B.C. Liberals question Alan Mullen's drive across Canada, U.S.

B.C. Legislature Speaker Darryl Plecas says there will be no comment on his chief of staff’s road-trip tour of provincial and U.S. state legislatures until a report to the MLA committee is made this fall.

Plecas was responding to the latest questions from the B.C. Liberal opposition about Alan Mullen’s tour of the Alberta, Saskatchewan and Ontario legislatures to look at their security arrangements. The road trip cost $13,000, returning on the U.S. side with visits scheduled to state legislatures in Wisconsin, Iowa, Montana, Idaho, Oregon and Washington.

“Any further information on this matter will be presented to LAMC [the Legislative Assembly Management Committee] once the report is complete,” Plecas told Black Press in an email. “I expect that will be towards the end of September.”

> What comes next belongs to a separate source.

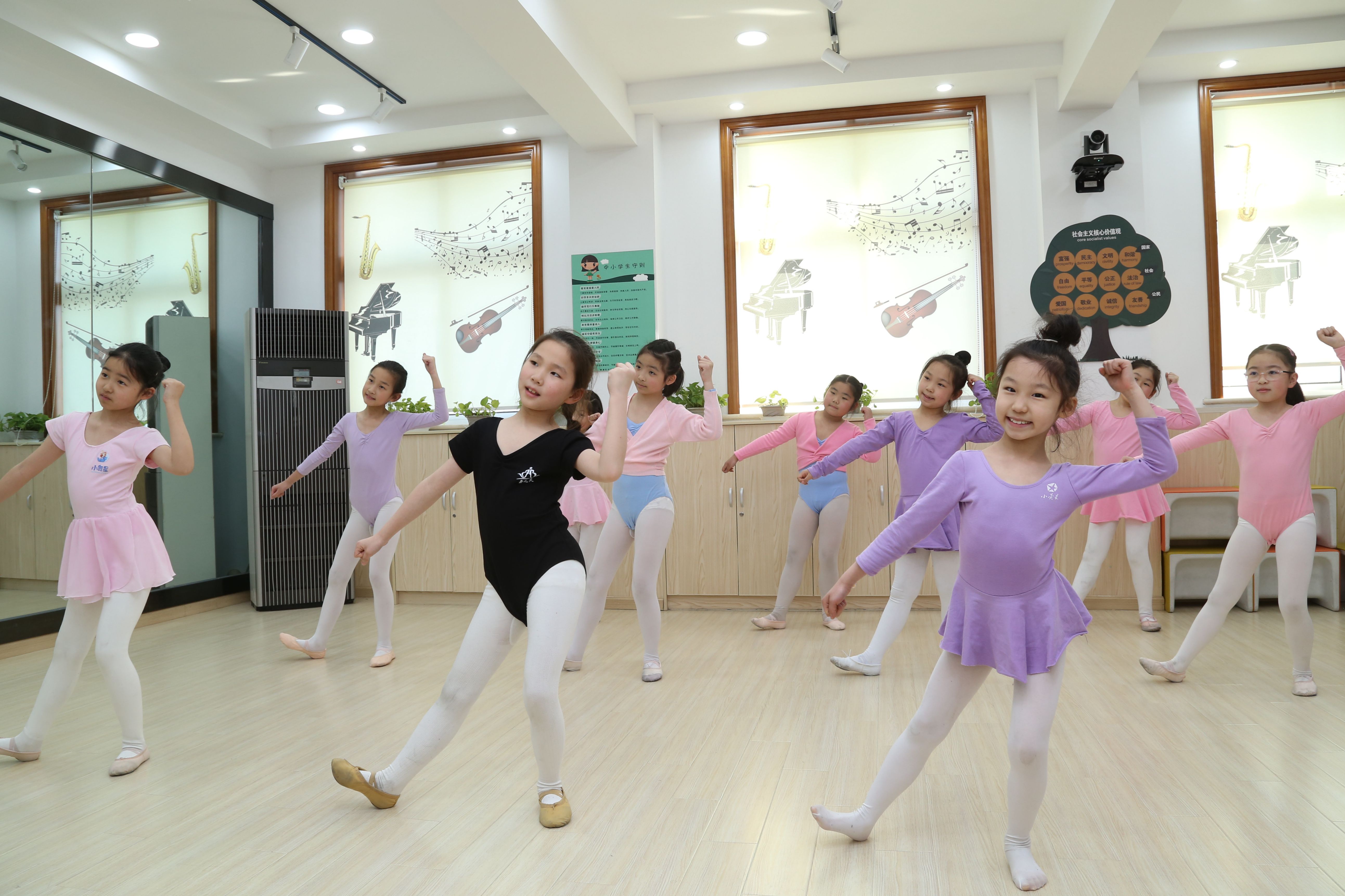 在课后的舞蹈课上,孩子们露出甜美的笑容

Langley MLA Mary Polak, the B.C. Liberal house leader, sent a letter to Plecas this week, asking if appointments were confirmed before the trip began. She said Plecas has provided no answers to committee members a month after they asked for a detailed itinerary.

“It is absolutely unacceptable that LAMC should learn about the costs of this road trip from media reports,” Polak said. “Worse still, we now know that the Speaker’s hand-picked staffer didn’t even meet with the Speaker or Sergeant at Arms in Alberta, Saskatchewan, Manitoba or Ontario. Frankly, without a detailed itinerary we have no idea what he was actually doing.”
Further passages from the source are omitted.